--- Recorded information Enclosed Below ---

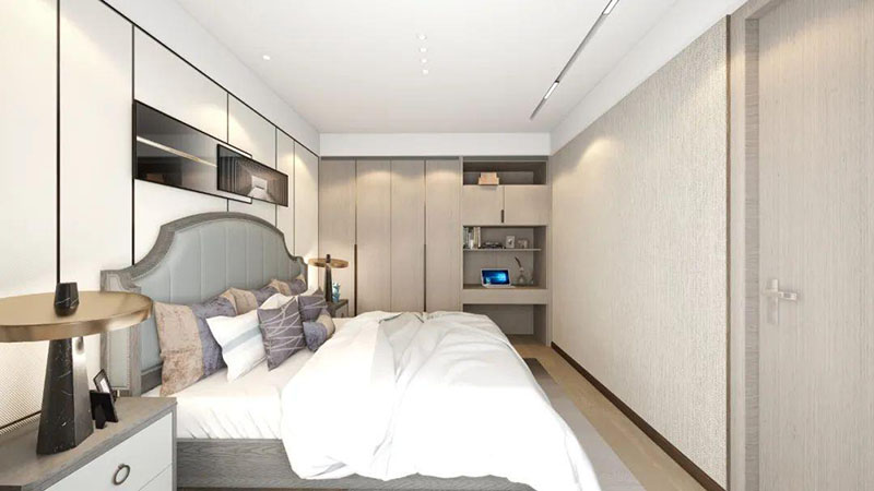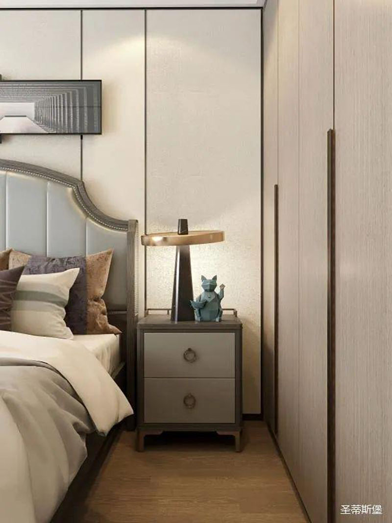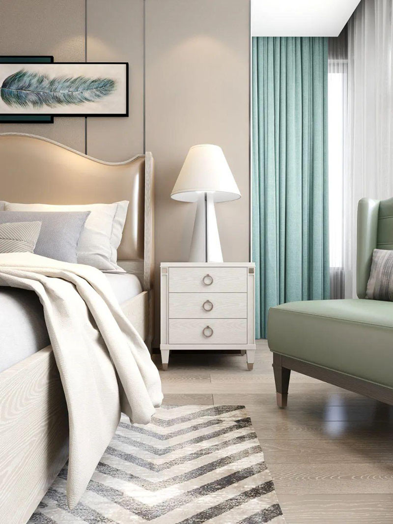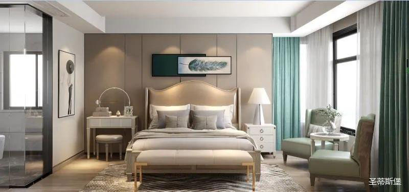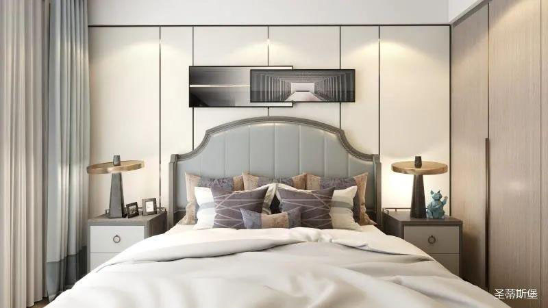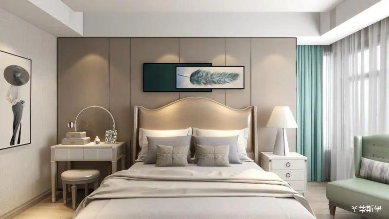 ▲次臥空間主要是以淺色為底調(diào),大面積的莫蘭迪色與淺色相平衡。極強(qiáng)線性裝飾畫(huà)帶來(lái)的延伸感讓視覺(jué)煥然一新。少許的金屬元素?cái)z入,瞬間提升了空間的精致度,將溫潤(rùn)雅致與時(shí)尚輕奢糅合在同一空間里,每一處都洋溢著浪漫的氣息。
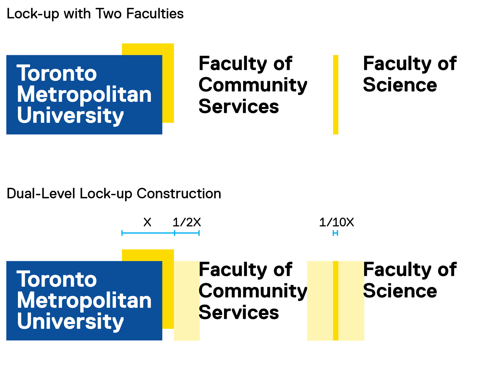University Brand lock-ups position the names of TMU’s closely identified entities in alignment with our gold bar. This shows TMU as a platform for these important brand components.
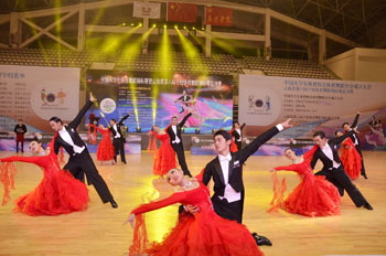 11月20日晚,“2015年中国大学生体育舞蹈锦标赛暨云南省第六届学校体育舞蹈锦标赛总决赛”在新葡萄8883官网AMG体育馆举行。北京体育大学等来自全国63所大学的一千多名运动员、领队教师及裁判员参加了开幕式。这是迄今为止规模空前的同类赛事。
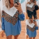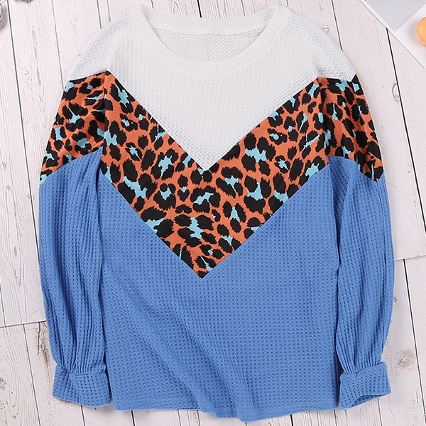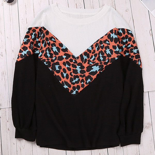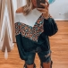 Fashion Leopard Spliced Long Sleeve Round Neck Contrast Color Knit Top
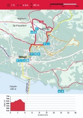 1 h 4 km 80 m , km Högåsen 163 Språngsdalen Platåkåtan Ottsjö Höjd (m) Ottsjön 494 m « Vålådalen Avstånd (km) 55
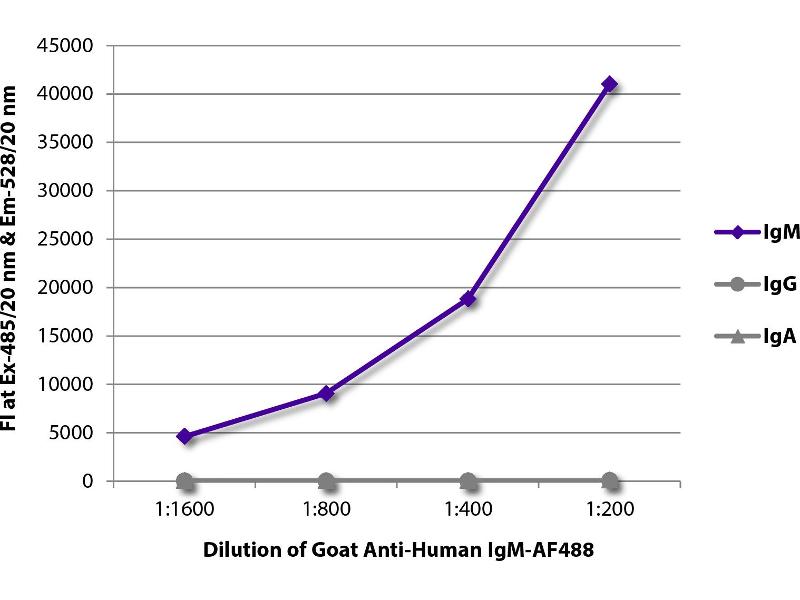 - Reacts with the heavy chain of human IgM as demonstrated by ELISA and flow cytometry.

--- End of Enclosed Recorded information ---

◆ Action item ◆
Leave the pictures out and print the whole listing precisely.

◆ Your solution ◆
 ▲次臥空間主要是以淺色為底調(diào),大面積的莫蘭迪色與淺色相平衡。極強(qiáng)線性裝飾畫(huà)帶來(lái)的延伸感讓視覺(jué)煥然一新。少許的金屬元素?cái)z入,瞬間提升了空間的精致度,將溫潤(rùn)雅致與時(shí)尚輕奢糅合在同一空間里,每一處都洋溢著浪漫的氣息。
University Brand lock-ups position the names of TMU’s closely identified entities in alignment with our gold bar. This shows TMU as a platform for these important brand components.
 11月20日晚,“2015年中国大学生体育舞蹈锦标赛暨云南省第六届学校体育舞蹈锦标赛总决赛”在新葡萄8883官网AMG体育馆举行。北京体育大学等来自全国63所大学的一千多名运动员、领队教师及裁判员参加了开幕式。这是迄今为止规模空前的同类赛事。
 Fashion Leopard Spliced Long Sleeve Round Neck Contrast Color Knit Top
 1 h 4 km 80 m , km Högåsen 163 Språngsdalen Platåkåtan Ottsjö Höjd (m) Ottsjön 494 m « Vålådalen Avstånd (km) 55
 - Reacts with the heavy chain of human IgM as demonstrated by ELISA and flow cytometry.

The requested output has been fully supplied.